(Extracted entries)
=== Begin Enclosure ===
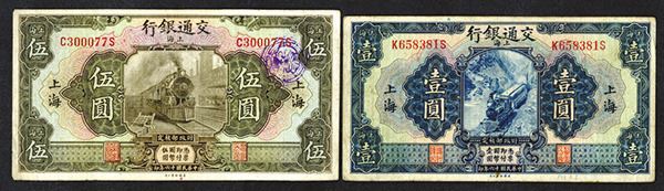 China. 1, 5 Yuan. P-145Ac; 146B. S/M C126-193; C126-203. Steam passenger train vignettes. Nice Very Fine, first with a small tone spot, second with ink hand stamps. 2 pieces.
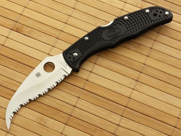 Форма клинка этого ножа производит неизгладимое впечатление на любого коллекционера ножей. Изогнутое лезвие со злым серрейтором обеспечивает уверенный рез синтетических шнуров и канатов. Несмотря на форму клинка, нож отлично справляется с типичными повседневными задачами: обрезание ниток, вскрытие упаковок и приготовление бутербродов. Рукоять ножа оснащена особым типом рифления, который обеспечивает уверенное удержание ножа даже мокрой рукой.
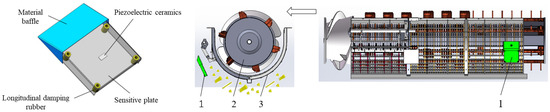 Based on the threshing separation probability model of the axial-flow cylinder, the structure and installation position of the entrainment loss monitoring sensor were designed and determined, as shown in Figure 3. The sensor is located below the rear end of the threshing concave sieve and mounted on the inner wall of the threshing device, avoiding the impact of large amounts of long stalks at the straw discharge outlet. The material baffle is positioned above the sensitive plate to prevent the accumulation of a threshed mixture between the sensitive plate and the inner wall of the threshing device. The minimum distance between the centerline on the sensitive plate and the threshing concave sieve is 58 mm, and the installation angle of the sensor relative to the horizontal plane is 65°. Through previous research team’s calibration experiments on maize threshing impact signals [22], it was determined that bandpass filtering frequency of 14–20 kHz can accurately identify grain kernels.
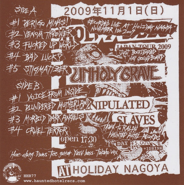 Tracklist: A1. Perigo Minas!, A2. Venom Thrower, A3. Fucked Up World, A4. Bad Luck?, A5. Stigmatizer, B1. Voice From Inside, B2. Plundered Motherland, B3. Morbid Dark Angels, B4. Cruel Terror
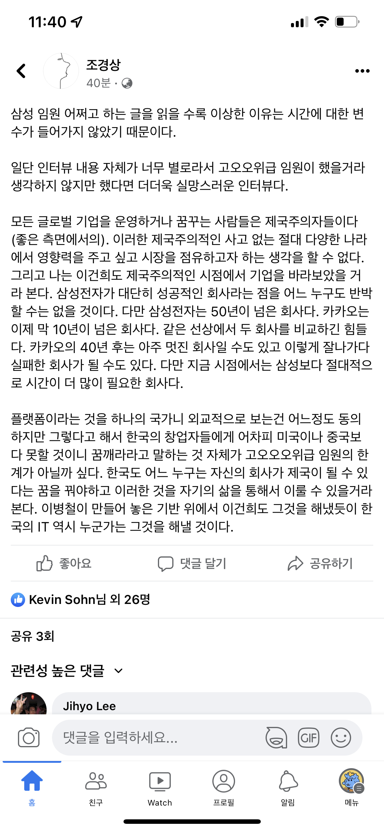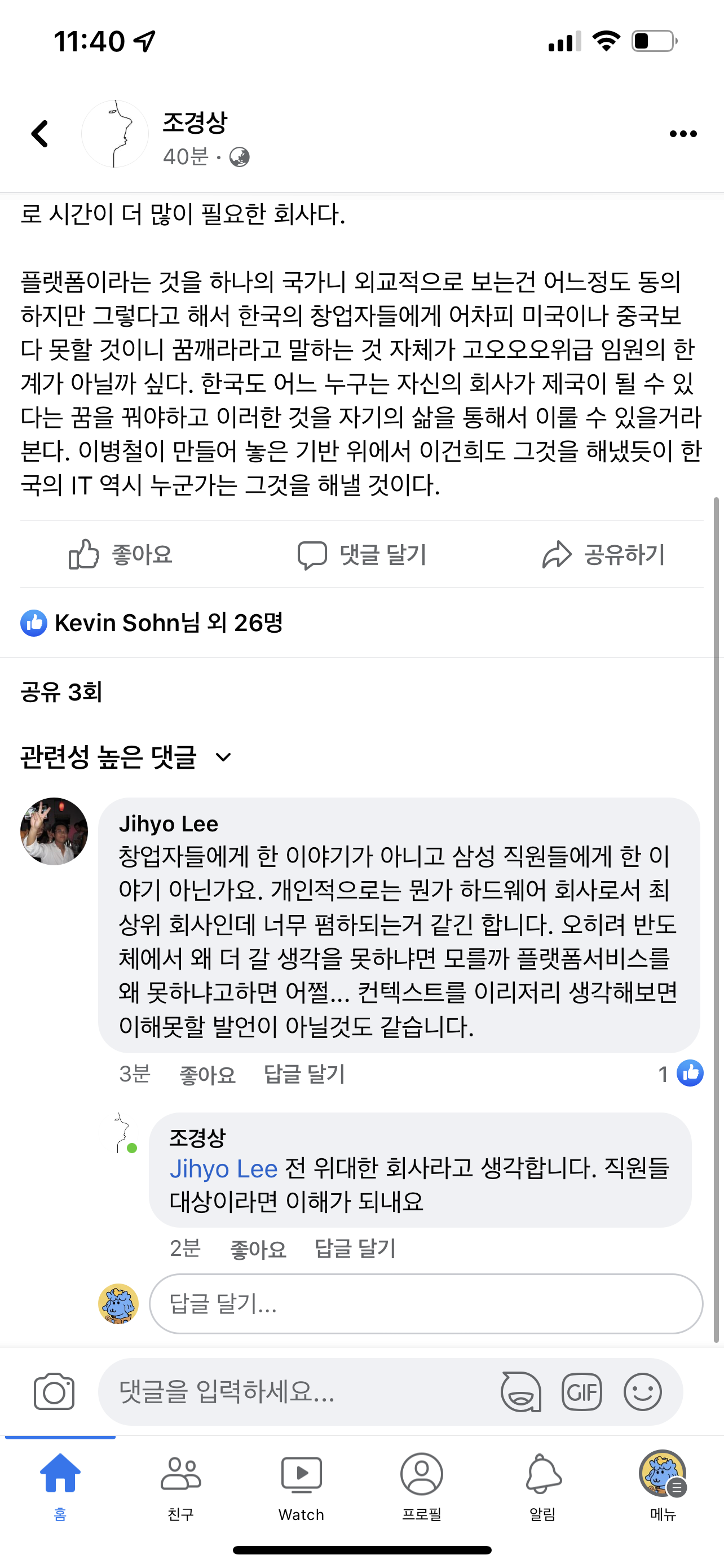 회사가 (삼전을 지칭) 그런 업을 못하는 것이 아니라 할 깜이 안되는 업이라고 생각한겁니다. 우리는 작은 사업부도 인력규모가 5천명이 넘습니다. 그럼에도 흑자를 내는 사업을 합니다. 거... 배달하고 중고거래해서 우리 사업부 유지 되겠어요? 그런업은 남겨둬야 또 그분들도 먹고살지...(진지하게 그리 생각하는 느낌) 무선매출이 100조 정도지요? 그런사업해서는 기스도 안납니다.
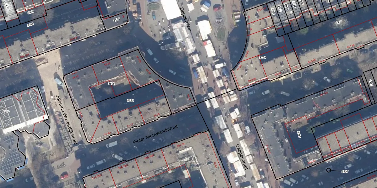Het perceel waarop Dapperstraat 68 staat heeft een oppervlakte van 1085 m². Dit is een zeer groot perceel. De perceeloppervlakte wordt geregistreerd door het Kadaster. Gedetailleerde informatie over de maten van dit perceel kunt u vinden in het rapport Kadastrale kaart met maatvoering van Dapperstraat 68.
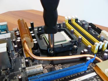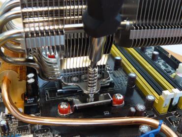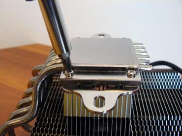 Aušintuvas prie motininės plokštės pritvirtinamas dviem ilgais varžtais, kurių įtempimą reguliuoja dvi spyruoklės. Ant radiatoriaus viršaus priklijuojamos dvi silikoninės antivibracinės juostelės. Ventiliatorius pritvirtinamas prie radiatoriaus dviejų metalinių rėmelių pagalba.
=== End Enclosure ===
(Problem to solve) Go to the line above that has "Based on the" and copy exactly from there down to the line that has "Tracklist: A1. Perigo", both included. Leave the pictures out.

(Solution to this exercise)
 Based on the threshing separation probability model of the axial-flow cylinder, the structure and installation position of the entrainment loss monitoring sensor were designed and determined, as shown in Figure 3. The sensor is located below the rear end of the threshing concave sieve and mounted on the inner wall of the threshing device, avoiding the impact of large amounts of long stalks at the straw discharge outlet. The material baffle is positioned above the sensitive plate to prevent the accumulation of a threshed mixture between the sensitive plate and the inner wall of the threshing device. The minimum distance between the centerline on the sensitive plate and the threshing concave sieve is 58 mm, and the installation angle of the sensor relative to the horizontal plane is 65°. Through previous research team’s calibration experiments on maize threshing impact signals [22], it was determined that bandpass filtering frequency of 14–20 kHz can accurately identify grain kernels.
 Tracklist: A1. Perigo Minas!, A2. Venom Thrower, A3. Fucked Up World, A4. Bad Luck?, A5. Stigmatizer, B1. Voice From Inside, B2. Plundered Motherland, B3. Morbid Dark Angels, B4. Cruel Terror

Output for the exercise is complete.